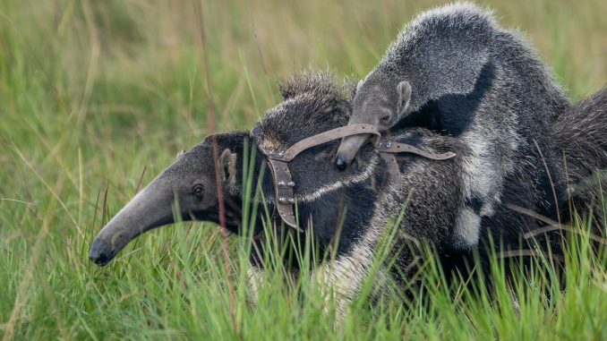 Se registró a la primera cría del quinto núcleo poblacional de oso hormiguero gigante en Yerbalito, al norte del Gran Parque Iberá.
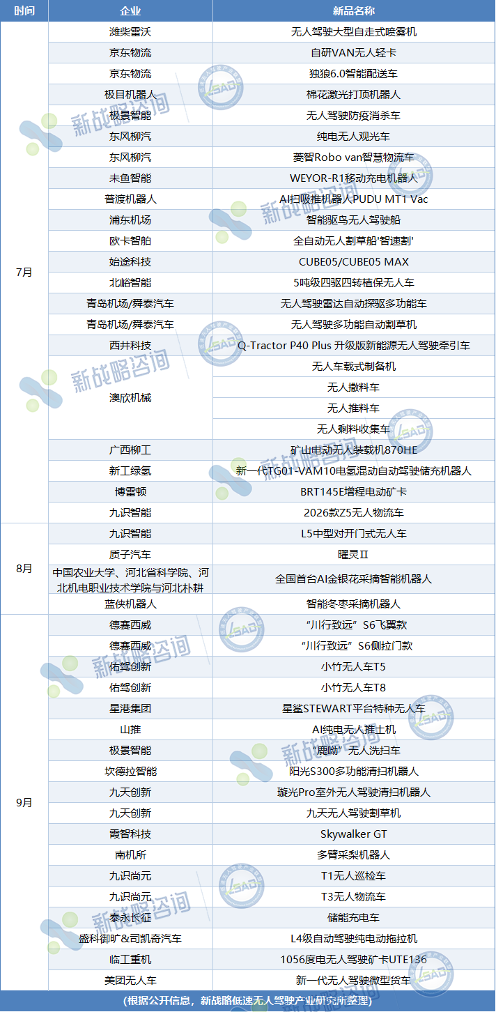 2025年第三季度部分无人车新品(未完善之处请指正)
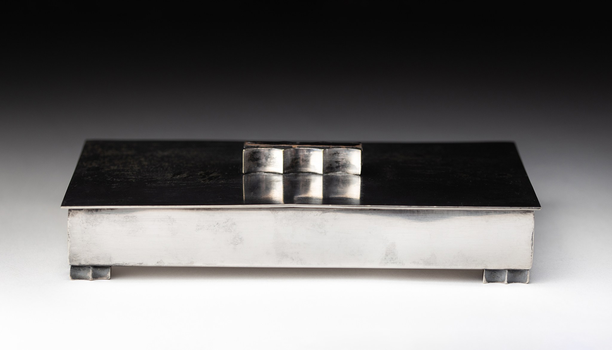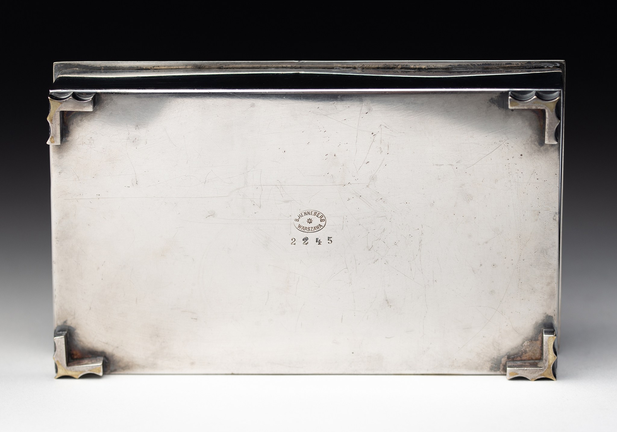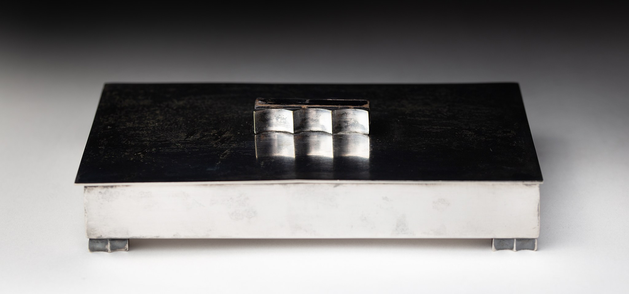 mosiądz srebrzony (srebrzenie oryginalne, pierwotne), Warszawa, wytwórnia Braci Henneberg, lata 30. XX wieku, 3 x 17,5 x 10,5 cm.
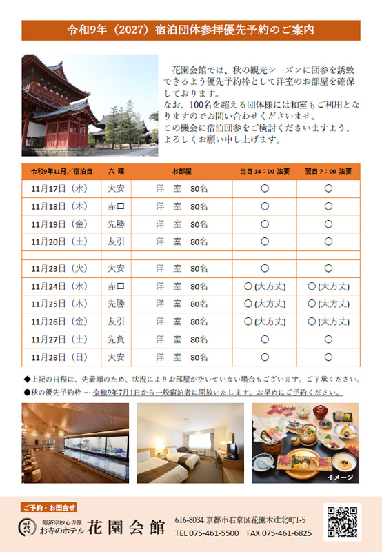 花園会館では、秋の観光シーズンに団参を誘致できるよう優先予約枠として洋室のお部屋を確保しております。
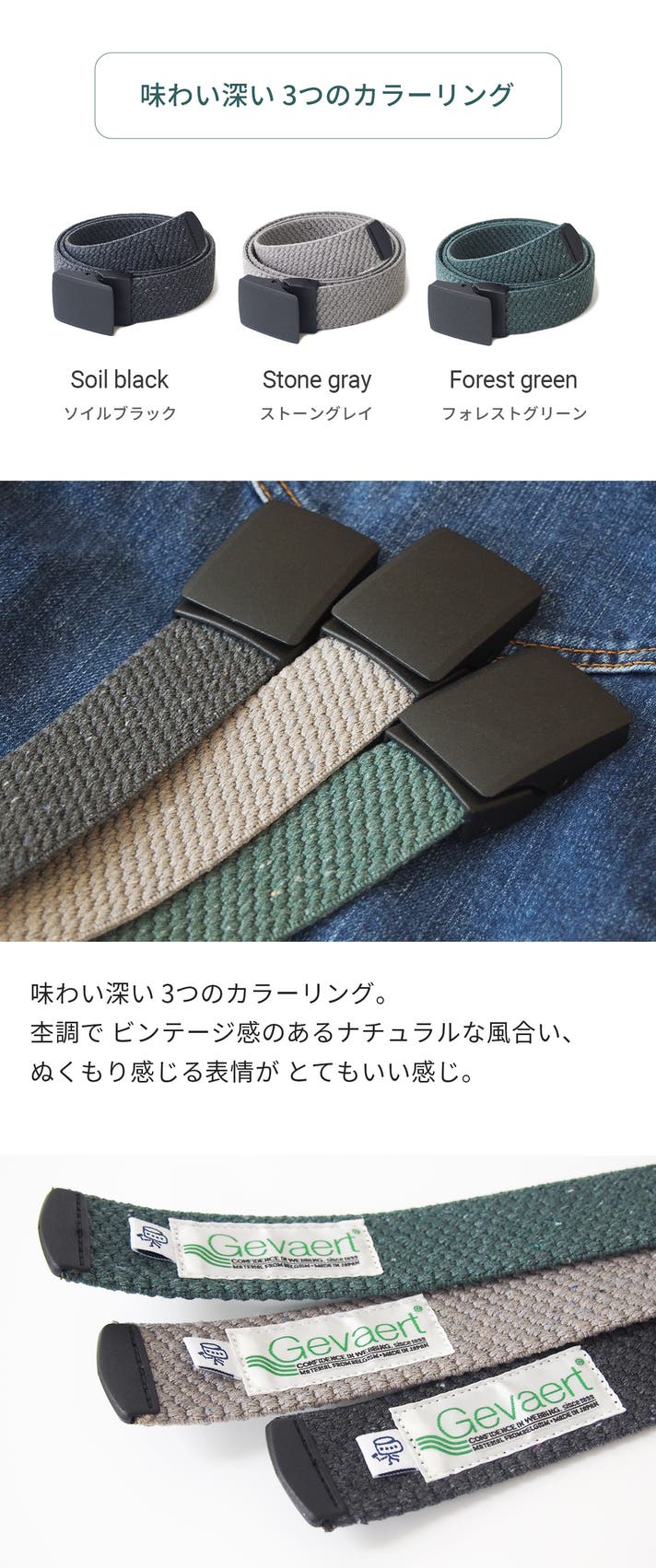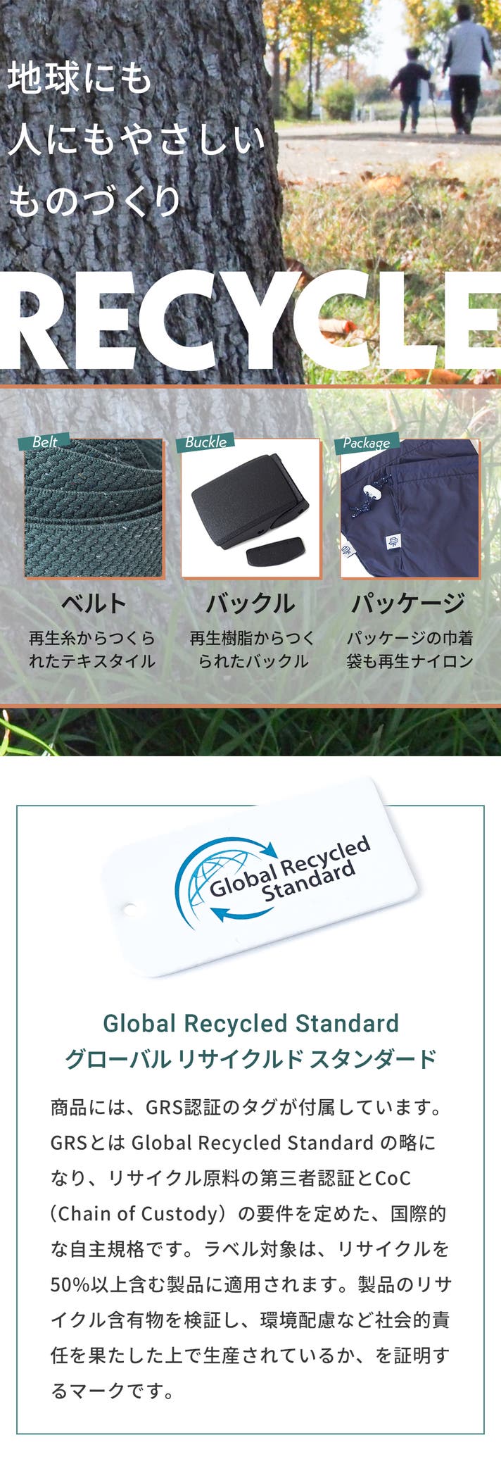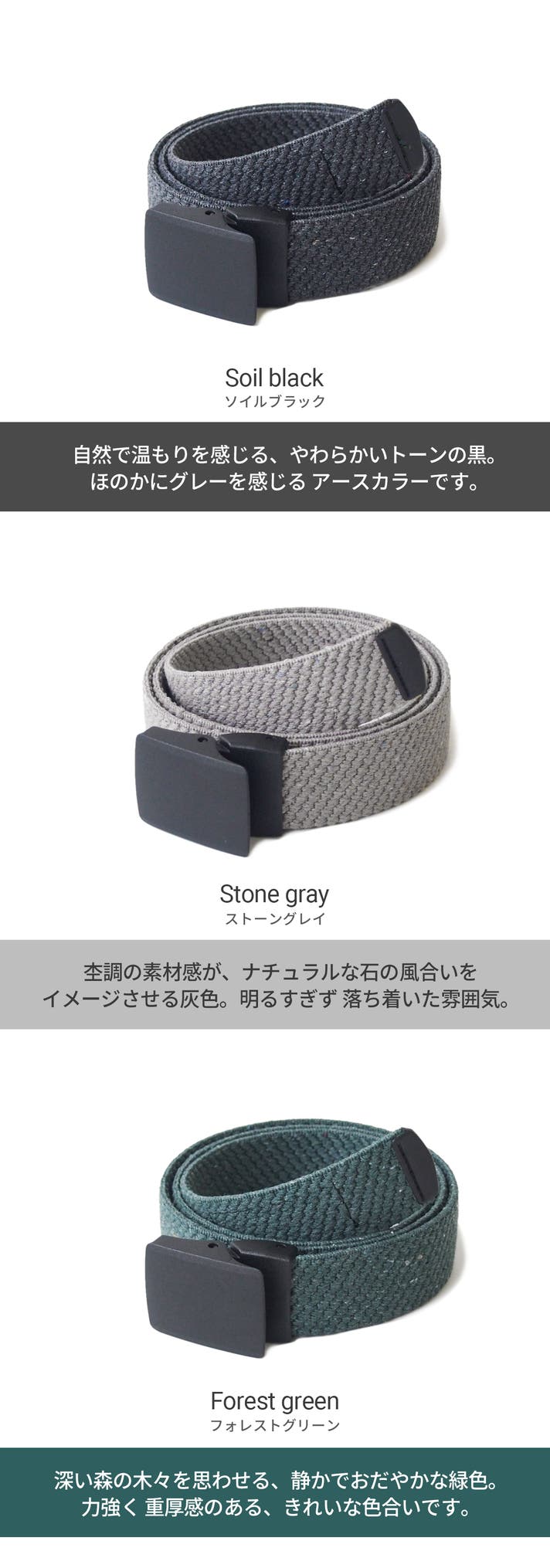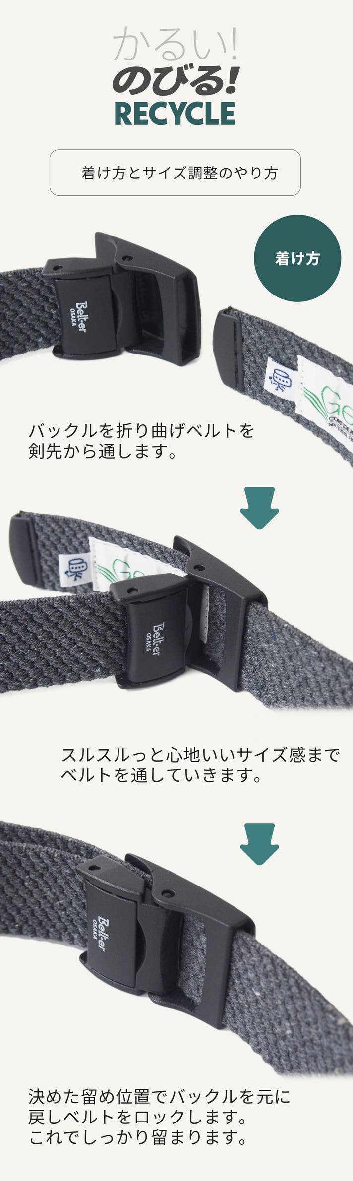- 地球に優しい、サステナブルな再生素材で、快適なゴムベルトを作りました。
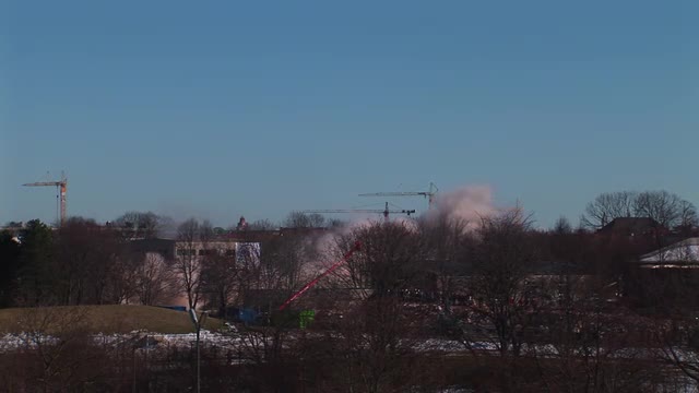 > Aerial drone scene of destroyed city by natural catastrophe. Camera flys through the demolished city
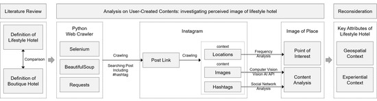 The literature review establishes an understanding of the current definition of the lifestyle hotel sector. Then, the shared attributes of lifestyle hotels are explored. User-created content on Instagram, an image-sharing social networking site (SNS), are analyzed. Instagram is a representative photo-sharing platform that is widely used throughout the world. Analyzing user-created content on Instagram provides us with various information based on images that show specific spaces or targets [19]. Images are a communication tool for understanding impressions of physical environments; thus, visual methods allow us to understand effectively how users view the physical world [20]. The hashtags provide complex materials, such as information, thoughts, and emotions towards spaces or targets illustrated in the photos. In particular, an Instagram post with a location tag can help us understand social behaviors within a particular place from diverse perspectives [21,22]. Therefore, Instagram data show users’ holistic experiences in a place and their perceptions of these specific locations.
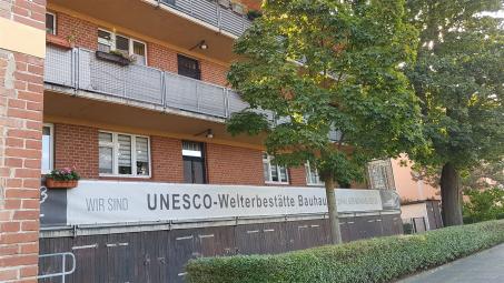 Letzte Station unserer Bauhaus-Tour war die Siedlung Törten mit dem "Stahlhaus" und den Siedlungshäusern in unterschiedlichen Bauhaus-Stilen. Eines wurde soeben saniert - hier konnte man auch mal Paparazzi spielen und hinein fotografieren.
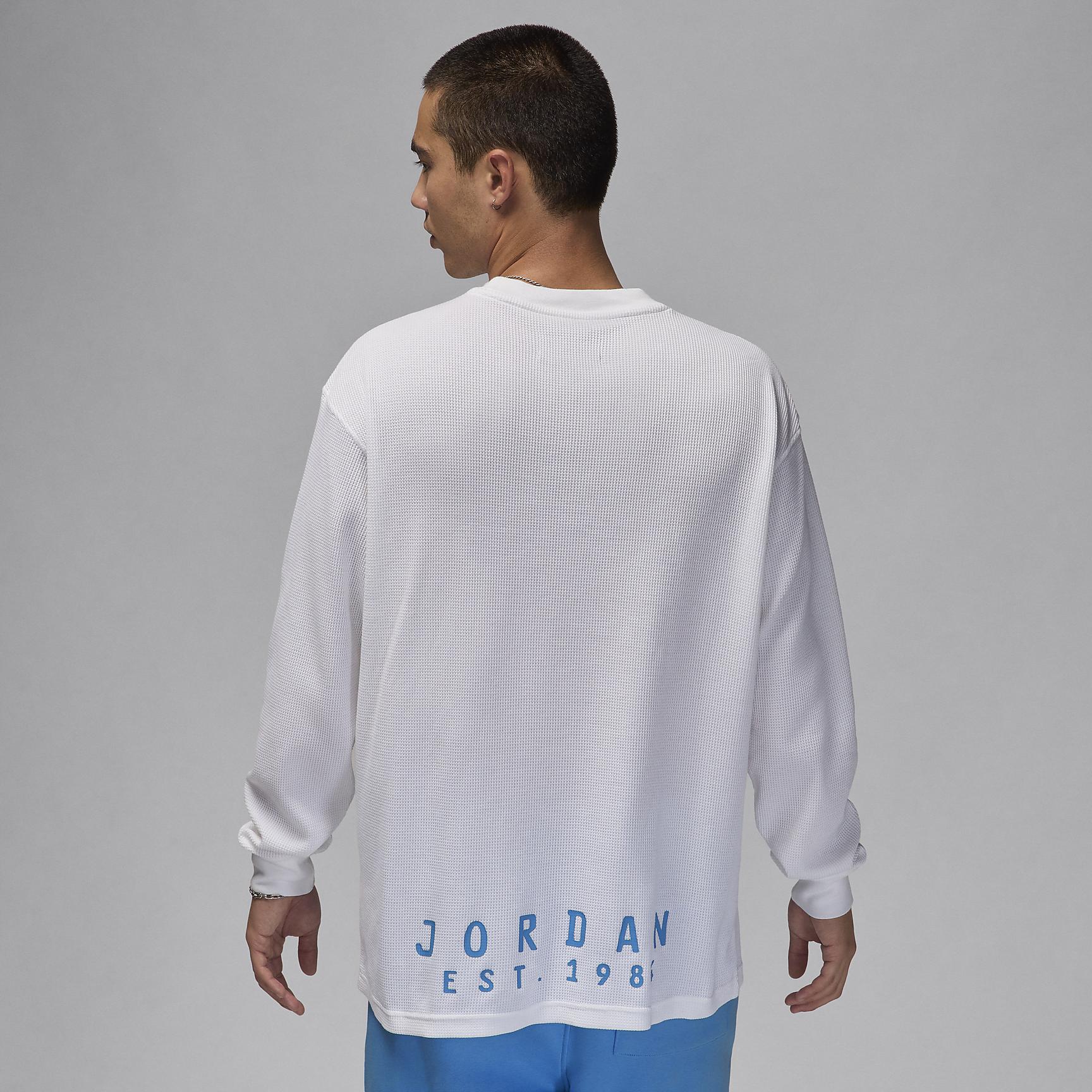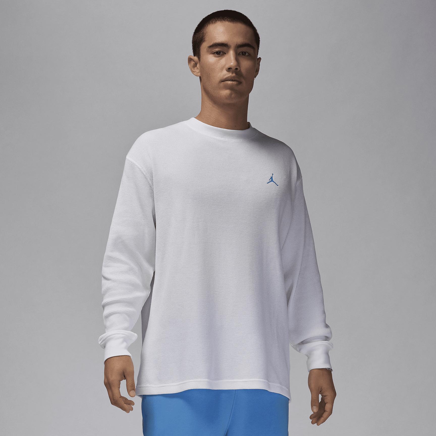 Get cold-weather ready with this roomy long-sleeve top. Its thick waffle knit fabric helps you stay warm and cozy when temperatures dip. [] Product Details:59% cotton/41% polyester. Ribbed cuffs. Machine wash. Imported. Style: FV7456; Color: White/Legend Blue; Size: XS; Gender: Male; Age Group: Adult | Jordan Essentials Men's Long-Sleeve Top in White, Size: XS | FV7456-100

***

§ **YOUR GOAL**
Only the lines from the one containing "the demolished city" through the last line of the entries, both included, should be repeated exactly, and the pictures should be left out.

§ **THE ANSWER**
 > Aerial drone scene of destroyed city by natural catastrophe. Camera flys through the demolished city
 The literature review establishes an understanding of the current definition of the lifestyle hotel sector. Then, the shared attributes of lifestyle hotels are explored. User-created content on Instagram, an image-sharing social networking site (SNS), are analyzed. Instagram is a representative photo-sharing platform that is widely used throughout the world. Analyzing user-created content on Instagram provides us with various information based on images that show specific spaces or targets [19]. Images are a communication tool for understanding impressions of physical environments; thus, visual methods allow us to understand effectively how users view the physical world [20]. The hashtags provide complex materials, such as information, thoughts, and emotions towards spaces or targets illustrated in the photos. In particular, an Instagram post with a location tag can help us understand social behaviors within a particular place from diverse perspectives [21,22]. Therefore, Instagram data show users’ holistic experiences in a place and their perceptions of these specific locations.
 Letzte Station unserer Bauhaus-Tour war die Siedlung Törten mit dem "Stahlhaus" und den Siedlungshäusern in unterschiedlichen Bauhaus-Stilen. Eines wurde soeben saniert - hier konnte man auch mal Paparazzi spielen und hinein fotografieren.
 Get cold-weather ready with this roomy long-sleeve top. Its thick waffle knit fabric helps you stay warm and cozy when temperatures dip. [] Product Details:59% cotton/41% polyester. Ribbed cuffs. Machine wash. Imported. Style: FV7456; Color: White/Legend Blue; Size: XS; Gender: Male; Age Group: Adult | Jordan Essentials Men's Long-Sleeve Top in White, Size: XS | FV7456-100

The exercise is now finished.